Критический историзм положил начало диалогу еврейской и европейской культур нового времени. И в наши дни любая отрасль еврейской учености, если только она относит себя к современной науке, должна быть проникнута критическим историзмом, ибо историзм продолжает оставаться непременным условием любого вклада еврейских ученых в мировую науку. Этот процесс с годами становится все наглядней.

При всем том между философскими дискуссиями средневековья и современной научной полемикой есть принципиальная разница. Еврейские ученые той эпохи чувствовали потребность примирения между истиной в ее греческом понимании и еврейским опытом откровения, ничуть не менее убедительным в их глазах. В то же время немецкие евреи начала девятнадцатого века стремились испытать иудаизм своих отцов пробным камнем европейского критического историзма. Подобное испытание понадобилось им потому, что они утратили уверенность в своем еврействе. Они не знали, смогут ли дальше оставаться в лоне иудаизма, каким бы он ни был.

Эдуард Ганз, один из вдохновителей общества, писал в своем председательском отчете:

Хотя задушевность родной старины продолжает отдаляться от нас, настоящего, глубокого возвращения к ней не произошло. Воодушевление веры, прочные узы минувшего канули в небытие, но на их место не явилось ни нового воодушевления, ни новых связующих уз.

Предпринятая в Германии попытка реставрации еврейского прошлого пришлась на эпоху острого кризиса преемственности. Коллективная память европейского еврейства быстро деградировала. В таких обстоятельствах еврейская история стала играть новую, прежде совершенно несвойственную ей роль: она заменила религию евреям, утратившим веру. В их глазах история заняла место Священного Писания, превратилась в главную еврейскую святыню.

И действительно, все идеологии, зародившиеся в девятнадцатом столетии в среде ассимилированного западного еврейства  — от реформизма до сионизма, — пытались черпать легитимацию (правомочность) из еврейской истории, как некогда из откровения и Книги. Как и следовало ожидать, История охотно простирала свое покровительство над всеми, припадавшими к ее алтарю. Каждому вопрошавшему она, не жеманясь, даровала угодное ему благословение...

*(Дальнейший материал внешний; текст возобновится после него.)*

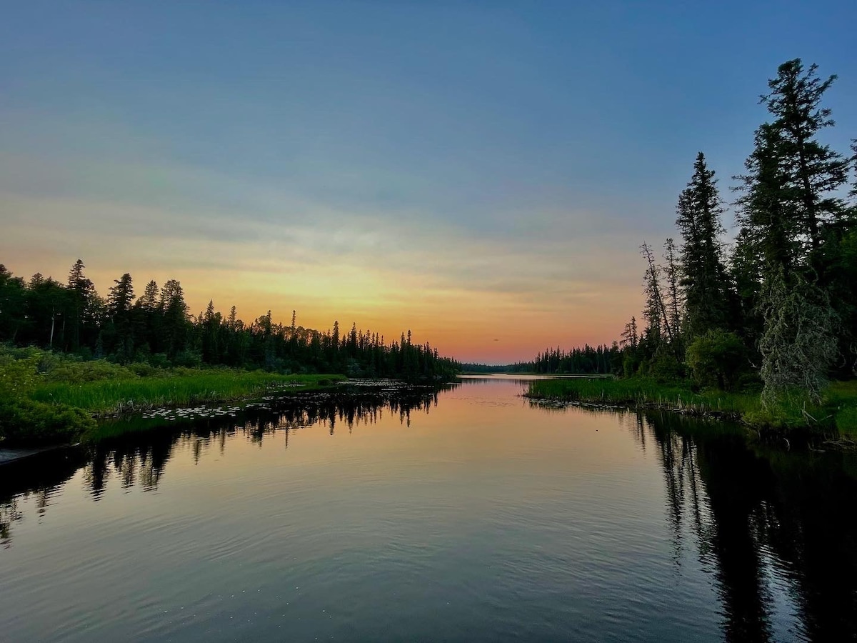 Beautiful, 1 bedroom suite on a 14 acre lakefront, boutique resort on Lake Manitou. Gorgeous lake view. Centrally located, the perfect retreat to sight see our magical island. Peaceful and serene, Green Bay Lodge is nature at it's best. Perfect for outdoor adventures! Fish, swim, canoe, hike, snowmobile, ice fish, snow shoe, cross country ski and star gaze to your hearts content. Relax and enjoy a drink by the outdoor campfire.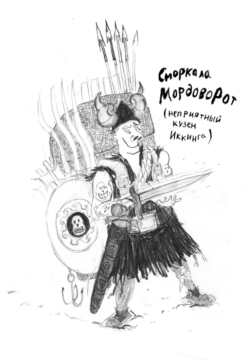 Это был Сморкала Мордоворот, мерзкий двоюродный братец Иккинга, здоровенный надменный юнец с самыми огромными ноздрями на свете. По пятам за ним топал его прихвостень, Песьедух Тугодум.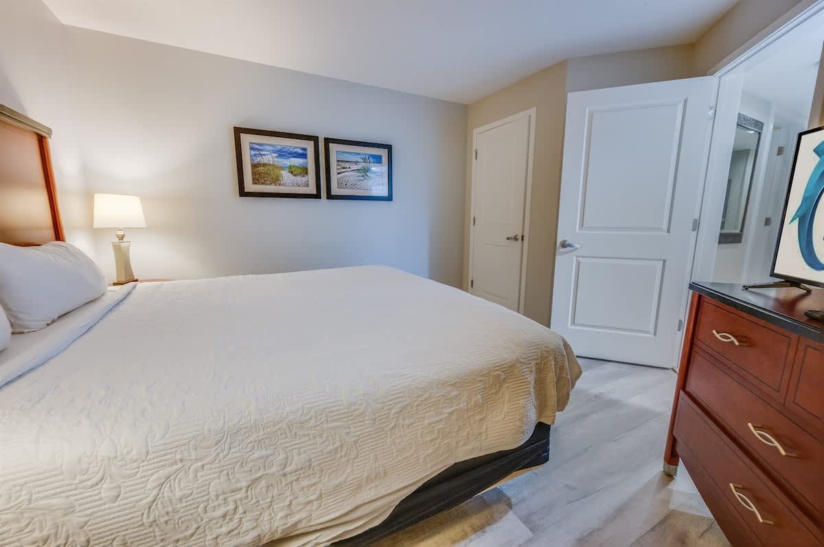 The condo sleeps up to six guests. A king bed anchors the main sleeping area, while a sofa bed and a Murphy bed provide additional sleeping options. Bed linens, extra pillows, and blankets are provided to help everyone get comfortable.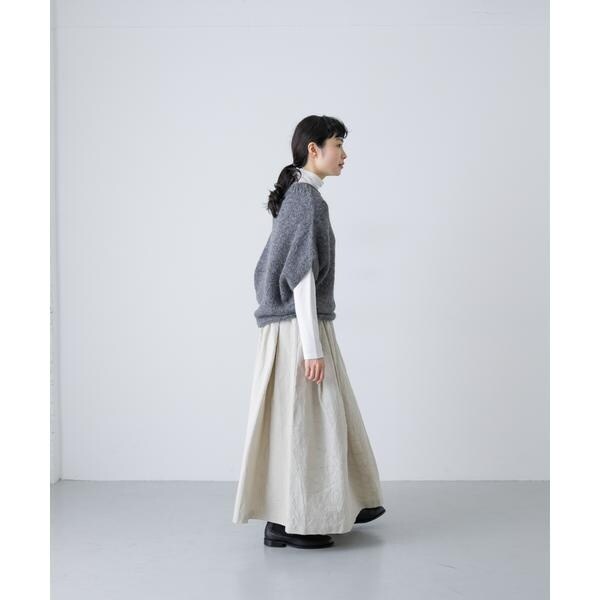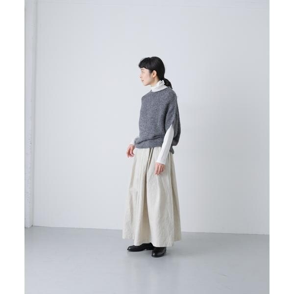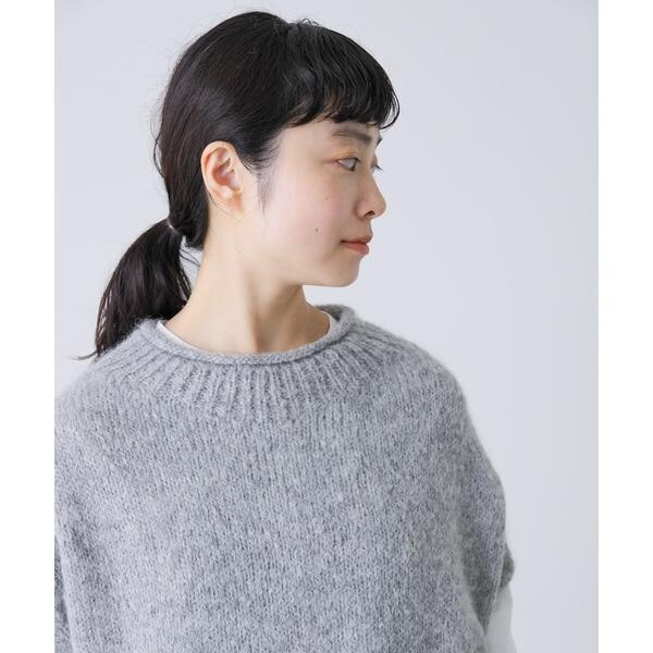 柔らい肌触りと軽やかな着心地が魅力的な一品。毛足の長いアルパカの風合いがシーズンムードを高めます。ドロップショルダーのシルエットやワイドな身幅などシンプルながらも細部にこだわったデザイン。太めのリブとほんのりカールした襟のディテールもアクセントに。抜けた雰囲気をまとい、大人のスタイリングに相性抜群です。シャツやカットソーなど様々なトップスと合わせてお楽しみください。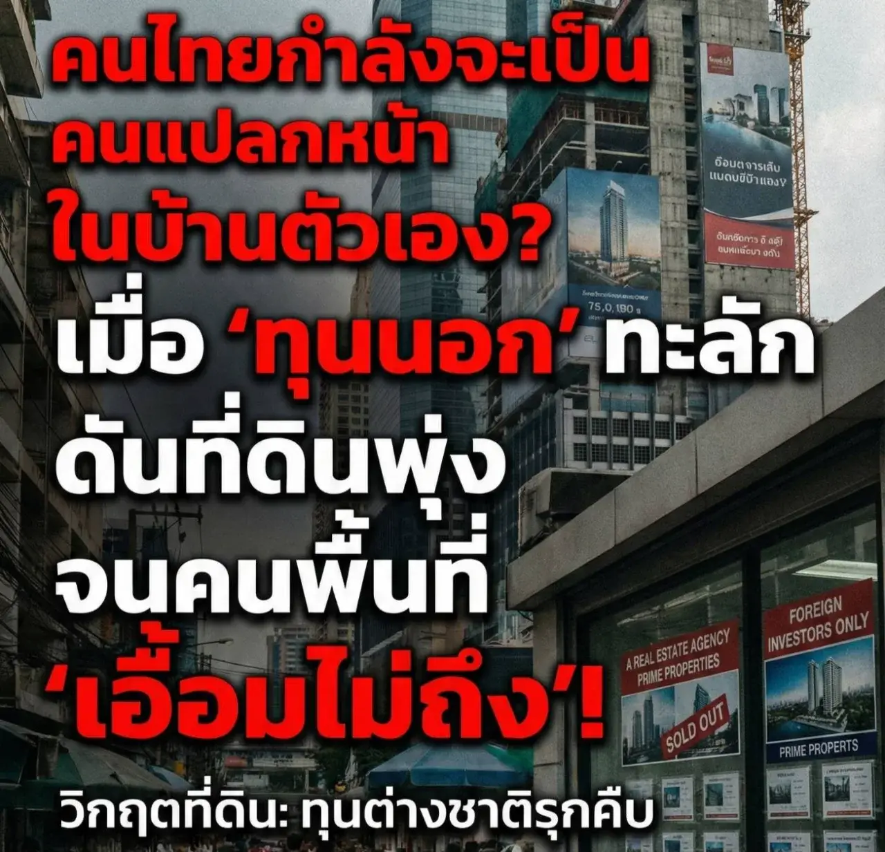 วิกฤตเงียบ?เมื่อคนไทยกำลังกลายคนแปลกหน้าในบ้านเกิดจับตาคลื่นทุนนอกดันที่ดินพุ่งจนคนท้องถิ่นเอื่อมไม่ถึง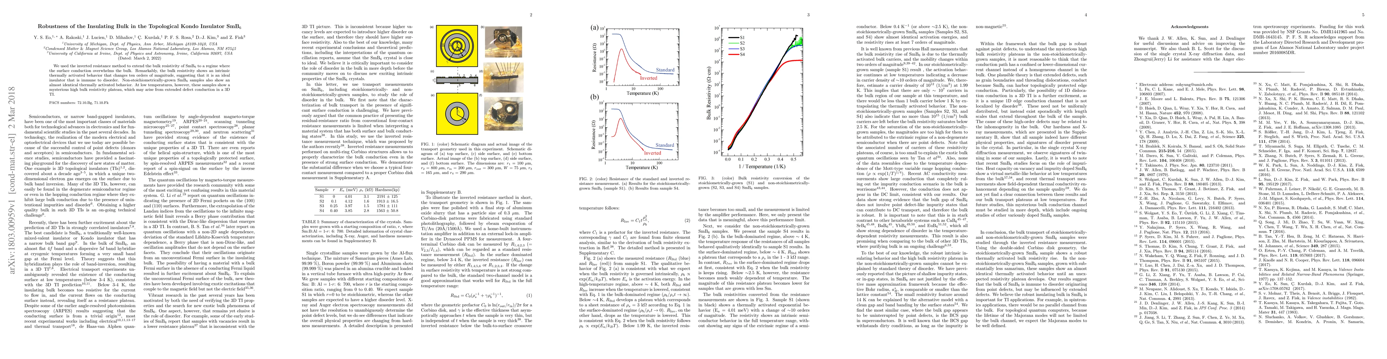 Researchers discovered that topological Kondo insulator SmB6 exhibits intrinsic thermally activated behavior in its bulk resistivity, suggesting it is an ideal insulator immune to disorder. However, samples show a mysterious high bulk resistivity plateau at low temperatures due to extended defect conduction.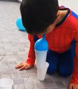 O 1º jogo foi com copos e 1 balão. Tinham de conseguir colocar todos os copos dentro de um, apenas com o balão. Enchendo o balão dentro do copo conseguem levantar o copo e colocar dentro de outro.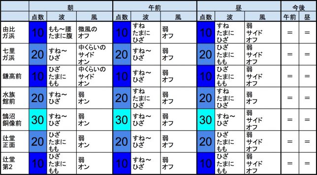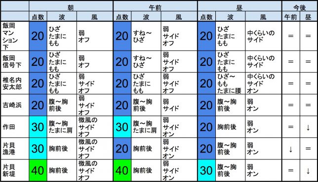 【千葉北 南部エリア】-・千葉北 南部エリアは腹〜胸前後くらいの波、弱めのオフショアベースの風のスタート、多少できそうなコンディションで、午前から昼にかけてもコンディションはそのままキープしそうです。午後から夕方にかけてもコンディションはそのままキープしそうです。-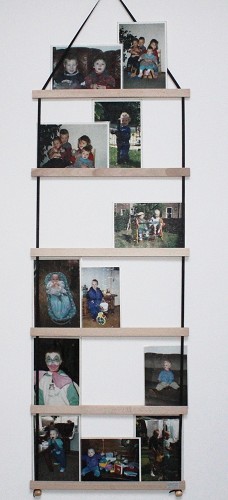 Handige houder van 6 houten latjes en gekleurd lint waarin u veel wenskaarten of foto's kwijt kunt. Niet alleen rond de kersttijd kunt u al uw kaarten presenteren op een leuke manier. De middelbrede korte meerkaarthouder is 100 cm hoog (vanaf het bovenste latje) en 38 cm breed. De latjes zijn gemaakt van beuken of berkenplex. De kleur van het lint is creme-kleurig.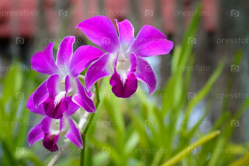 Красивые фиолетовые орхидеи в саду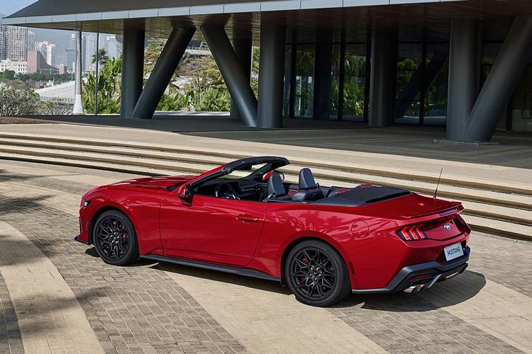 全新福特Mustang车型将在6月21日正式上市,除了我们熟悉的双门硬顶版外,该车还首次推出软顶敞篷版可选。作为迭代车型,新车内外设计相比2023款野马全面革新,但整车外观线条依旧是美式肌肉跑车经典设计,前后翼子板突出明显,搭配隆起的机舱盖、前六后四红色卡钳、四出排气口、独立大尾翼,看起来更有力量感。至于动力部分,中规版的福特Mustang依旧搭载2.3T L4涡轮增压发动机,最大功率220kW,最大扭矩453Nm,搭配10AT变速器和LSD限滑差速器,预计也是5s左右“破百”,作为跑车,其性能谈不上多强,主要玩的是个姿态。【来自懂车帝车友圈】

Ясно, что достижения иудаики не могли ограничиться первыми пробами пера. Исторические сочинения множились день ото дня. Еврейская историография переросла рамки девятнадцатого столетия и не столько раздвинула, сколько поломала их в веке двадцатом, проложив собственные непроторенные колеи.

Подробная летопись самой «науки о еврействе» еще не написана, намечены лишь внешние контуры ее пути. Но если бы мы глубже задумались о трудностях, которые девятнадцатый век нагромоздил на этом пути, боюсь, у нас опустились бы руки  — даже сегодня, когда эти трудности во многом позади. Прежде всего потребовалось почти на пустом месте заложить библиографический и архивный фундамент. Еврейские ученые сталкивались с нежеланием университетов заниматься постбиблейским периодом еврейской истории. Они заранее знали, что в сфере своих научных интересов не могут рассчитывать на легкую академическую карьеру. И если эти ученые все же шли своим путем, преодолевая трудности, которых не знали ни их христианские коллеги-современники, ни мы, их счастливые наследники, — то в этом мне видится настоящее подвижничество и даже рука Провидения.

Самоотверженные усилия не пропали даром. Уже в 1853-1870 гг. Цви Генрих Грец смог обобщить накопленный материал в своем многотомном труде, о котором за пятьдесят лет до того невозможно было даже помыслить. В двадцатом столетии новые горизонты распахнули историки Шимон Дубнов в России и Сало Барон в США, а затем и ученые Эрец Исраэль. Самым влиятельным среди них был Гершом Шолем, изучавший еврейскую мистику. Сегодня труды по еврейской истории могли бы составить огромную библиотеку, и исследования, принявшие международные масштабы, продолжают разрастаться.

Современная еврейская историография имеет два аспекта, каждый из которых заслуживает отдельного исследования: общенаучный и еврейский. Первый связан с вкладом еврейской историографии в мировую науку, а второй  — с местом этой историографии в еврейской культуре и традиции. Мы сосредоточимся на втором аспекте.

Прежде всего следует задать вопрос: есть ли у еврейской историографии собственная проблематика? Историческая объективность, природа исторической интерпретации, ценность квантификационных (количественных) методов  — подобными вопросами вдоль и поперек исчеркана любая историческая дисциплина. Именно потому, что современная еврейская историография декларирует свое единство с мировой исторической наукой, она должна страдать общей неудовлетворенностью, господствующей сейчас среди историков. Историческая наука подвергается критике социологов и философов, сам образ историка в современной литературе не назовешь незапятнанным.12 В такой обстановке еврейский историк не может чувствовать себя защищенным только потому, что его предмет  — еврейское прошлое.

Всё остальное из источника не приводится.